Cointime

Download App
iOS & Android

Auditing with ChatGPT: Complementary But Incomplete

Validated Project

In November 2022, OpenAI launched ChatGPT, an innovative Artificial Intelligence (AI) project. In addition to summarizing articles, crafting essays, and even writing jokes and poems, ChatGPT can be used to debug and generate code. With more than $3.7 billion lost to hacks and scams of Web3 projects, some people wondered if this new technology could improve insecure smart contract code.

ZKasino, a decentralized betting platform, recently engaged in a pre-audit with ChatGPT. ZKasino hoped that ChatGPT could give it an initial security review while CertiK’s comprehensive audit was still in progress. The team wanted to test the capabilities of ChatGPT as a smart contract auditor. So how did it perform? Is AI ready to take over from expert manual code auditors, or does the human touch still have something to offer?

On Dec. 23, 2022, ZKasino “hired” ChatGPT to identify potential security issues in their smart contracts. The tool raised several concerns that sounded valid on the surface.

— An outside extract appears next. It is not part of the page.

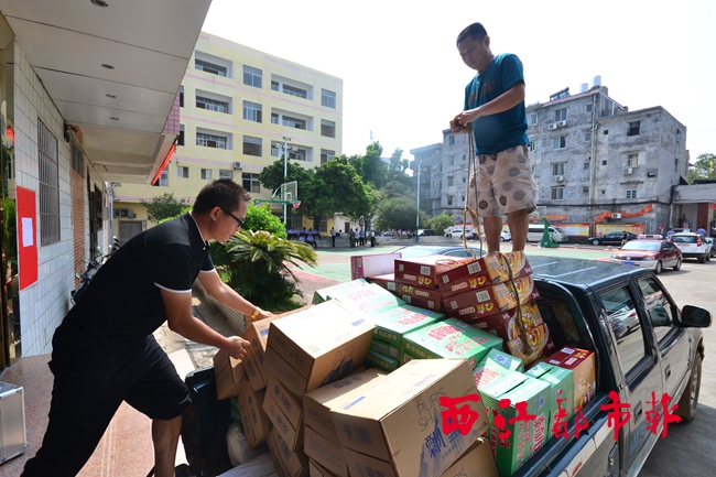 8月1日上午,在蒼梧縣沙頭鎮政府,工作人員將救災物資裝上皮卡車,準備運送至一線災區。西江都市報記者 趙洋/攝

While ChatGPT undeniably provides a valuable service to the Web3 security community, we found that there is quite a lot of room for improvement. ChatGPT missed a number of important vulnerabilities while giving false positives for good code.

We hope that our insight and recommendations can help ChatGPT become an even stronger tool for securing Web3 applications. The following sections present our findings on these two types of mistakes.While ChatGPT undeniably provides a valuable service to the Web3 security community, we found that there is quite a lot of room for improvement.

What Did ChatGPT Find?

What Did ChatGPT Miss?

ChatGPT mentioned several common security concerns that can be found in many smart contract implementations. However, it failed to identify certain serious security issues, including:

  • Project-specific logic vulnerabilities
  • Inaccurate math calculations and statistical models
  • Inconsistencies between implementation and design intention

Vulnerability #1: Project-Specific Logic

ChatGPT failed to identify a critical vulnerability, leaving ZKasino users vulnerable to an exploit where attackers could consistently win and drain funds from the Bankroll contract. Players can join the game by calling the Verifiable Randomness Function (VRF), and Chainlink's VRF will trigger the fulfillRandomWords() function with random numbers to complete the game. ZKasino’s code allowed for a refund of users' wagers that could be triggered if the calling of fulfillRandomWords() fails.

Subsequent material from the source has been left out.